Canadian actress (born 1974)

Sonija Kwok Sin-nei (, born 22 July 1974) is a Hong Kong actress, model and beauty pageant titleholder who worked with TVB from 1999 to 2015. Since 2015 she has been managed by GAIA Entertainment.

== Early life ==
Kwok was born in Hong Kong and is of mixed three quarters Cantonese and one quarter English parentage. Kwok immigrated to Vancouver, British Columbia, Canada from Hong Kong. She initially attended the University of British Columbia, but transferred to Simon Fraser University where she completed her BA double major in Psychology and Economics. After obtaining her degree, Kwok joined Cathay Pacific as a flight attendant.

== Career ==
After a short stint as a flight attendant, Kwok returned to Hong Kong in 1999 and competed in the 1999 Miss Hong Kong pageant. During the semi-final, she won the Miss Photogenic award making her a favourite to win Miss Hong Kong following the precedent since 1996. She subsequently won the title "Miss Hong Kong" in July 1999 as well as Miss International Goodwill and Miss Intelligence. Coincidentally, all the winners of the Miss Hong Kong pageant spanning 1997 to 2000 are from Vancouver, British Columbia, Canada.

After winning the "Miss Hong Kong" title, Kwok appeared in numerous TVB events.
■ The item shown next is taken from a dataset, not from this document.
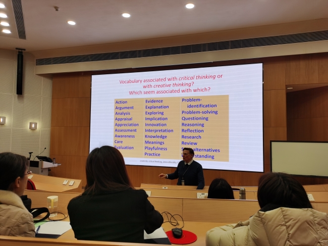 由Martin Cortazzi教授主讲的“Creativity in ELT”、“Critical Thinking in ELT”和“Interculturality in ELT”主题讲座,围绕教师要把培养学生的创造力和思辨力作为重要的教学内容贯穿于英语语言教学全过程,可依托“Situation-Problem-Solution-Evaluation”模式,根据讲授内容,设置具体问题情境,用所教授的语言知识作为载体,创设出需要学生思考、相互讨论交流才能获得新知的学习情景,使学生时而碰壁,时而突破瓶颈,集体智慧评估,最终得出解决问题的方案。教师在设置的情境中,激发学生跨文化意识,引导学生揭露矛盾,尝试从不同角度思考问题,对获得的若干概念重新组合,向各个不同方向延伸,尽可能探索出合乎条件的多种解答。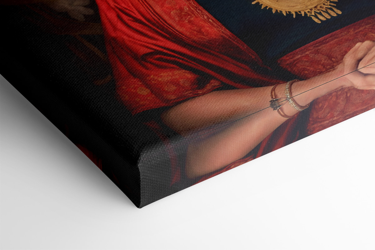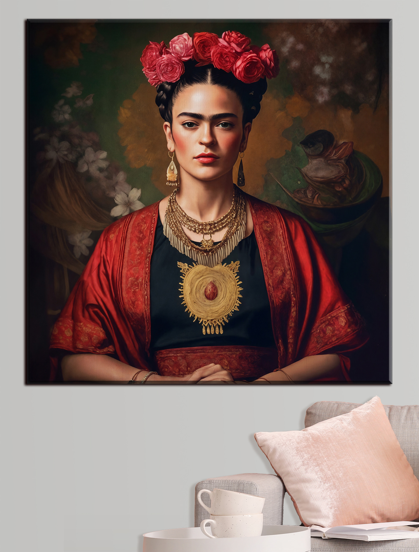 Imaginați-vă că intrați într-o cameră și vedeți această imprimare pe pânză vibrantă – este ca și cum energia întregului spațiu ar crește instantaneu cu o treaptă. Acest “Portret colorat cu coif floral” este un festin vizual, nu-i așa? Aceste flori luxuriante, privirea intensă și aceste culori bogate – nu poți să nu fii atras. Este ca și cum opera de artă ar avea un concurs de priviri cu tine, dar în cel mai bun mod.

In February 2000, she represented Hong Kong at the 2000 Miss Chinese International pageant in Las Vegas, Nevada. She was crowned as the winner and also won two other awards. She is considered one of the most successful winners, as she, Michelle Reis, Hera Chan, and Grace Chan are the only three Miss Hong Kong pageant winners to have held both titles. Reis was the winner for the pageant's inaugural year in 1988, while Chan won in 2014. After her success in both pageants, she represented Hong Kong at the Miss Universe 2000 pageant held in Cyprus. Although she did not feature in the top ten list, she was included in the top ten list of "Miss Photogenic" featured on the Miss Universe's website main page. She was the last representative from Hong Kong to participate in the Miss Universe contest until Miss Universe 2024.

She has appeared in many TVB television series and has starred in other TV shows, series, commercials, and entertainment functions, as well as being a spokeswoman for many beauty and other commercial products in Hong Kong. She has also appeared in television series produced in mainland China.

==Personal life==
Kwok married Chinese martial arts choreographer Zhu Shaojie (朱少杰) in Guam in 2011. The pair met in a film shooting in China a year earlier.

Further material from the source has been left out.